On March 22, 2016, the U.S. Department of State (U.S. DOS) issued a Travel Alert for Europe. This advisory does not recommend deferring or canceling travel, but promotes “vigilance" and “awareness," particularly in public places and mass transit gathering points. It also suggests that travelers exercise extra caution during religious holidays.

As a result of increased security all over Europe, travelers may notice additional police or members of the military on patrol. Government buildings may add metal detectors or bag checkpoints at all entrances. Overall security will be tightened at train and subway stations, bus stops and airports. While these acts can contribute to an atmosphere of anxiety, they are meant to help residents and visitors feel more secure.

Northwestern has no plans to suspend or alter study abroad programs in Europe at this time.
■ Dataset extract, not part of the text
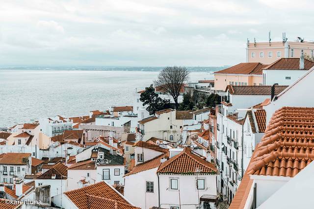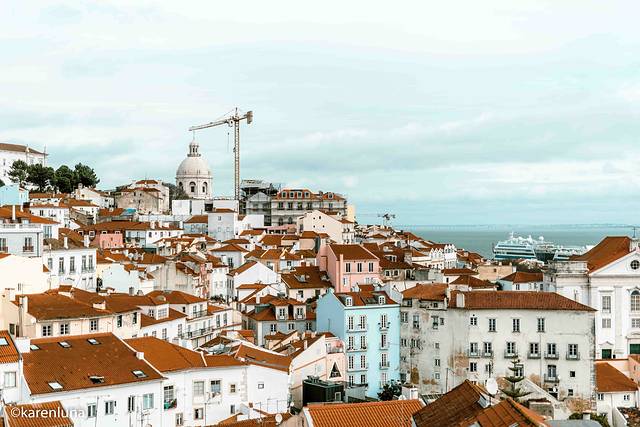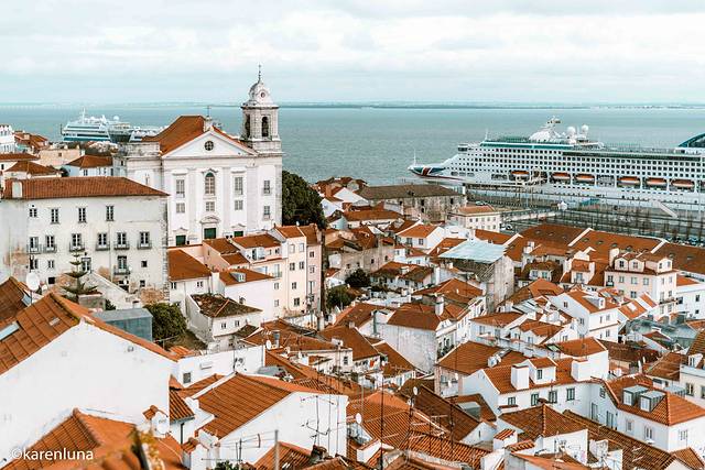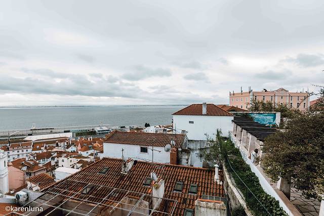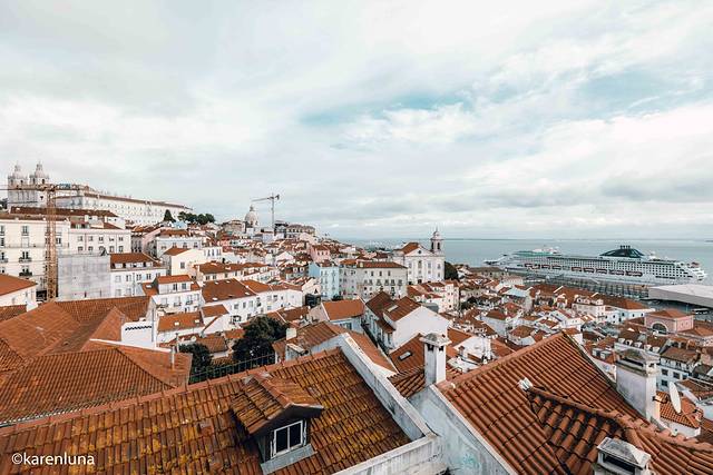 站在观景台边,感受着微微的海风轻抚着面庞,看着半山腰上的古老建筑、俯瞰脚下的阿尔法玛红屋顶群和遥看远处塔古斯河的入 海口 ,即使阴雨也丝毫掩盖不住这里的美丽。

However, in keeping with best travel practices, Northwestern travelers are encouraged to:

  1. Pay attention to all messages from your team leader or Northwestern’s Office of Global Safety and Security regarding health or safety
  2. Keep abreast of local news; follow the guidance of local authorities
  3. Stay in regular contact with your family members or loved ones here at home
  4. Keep your cell phone fully charged and with you at all times
  5. Memorize local emergency contact information (names and telephone numbers)
  6. Pay attention to electronic messages you receive from the U.S. DOS Smart Traveler Enrollment Program (STEP) - registration strongly encouraged

The above information has been shared with all Northwestern students currently abroad. Any Northwestern traveler with questions or concerns should contact the unit sponsoring their travel or Northwestern’s Office of Global Safety and Security ( In an emergency, travelers should inform their local contact or phone the Northwestern police (24/7) at (847) 491-3456.

Zika Virus


In January, the Centers for Disease Control and Prevention (CDC) issued travel guidance regarding the Zika virus, which is spread by mosquitos and therefore most prevalent in tropical environments. Generally, symptoms are mild and include fever, rash, joint pain, and conjunctivitis (red eyes), which can last several days to a week. Currently there is no vaccine to prevent or medicine to treat Zika, but symptoms are rarely severe and hospitalization is uncommon.

Travelers can limit their exposure to Zika (and other mosquito-borne illnesses like Malaria, Dengue Fever and Chikungunya) by taking precautions to prevent mosquito bites.

Unfortunately, Zika is linked to a specific birth defect called microcephaly. Because of this link, the CDC developed specific guidance for pregnant women and women trying to become pregnant, warning them to avoid visiting places where the virus is currently circulating. The CDC has also issued information about the risk of transmitting Zika through sexual contact. Note that some locations may offer a reduced chance of exposure to Zika due to high elevation.

If you are concerned about a risk of exposure to Zika related to upcoming travel, contact a specialist in travel medicine, such as Northwestern Medicine’s Travel Medicine Clinic or Glenbrook Hospital’s Travel Clinic. Pregnant women, or women planning to become pregnant, should consult with their OB/GYN.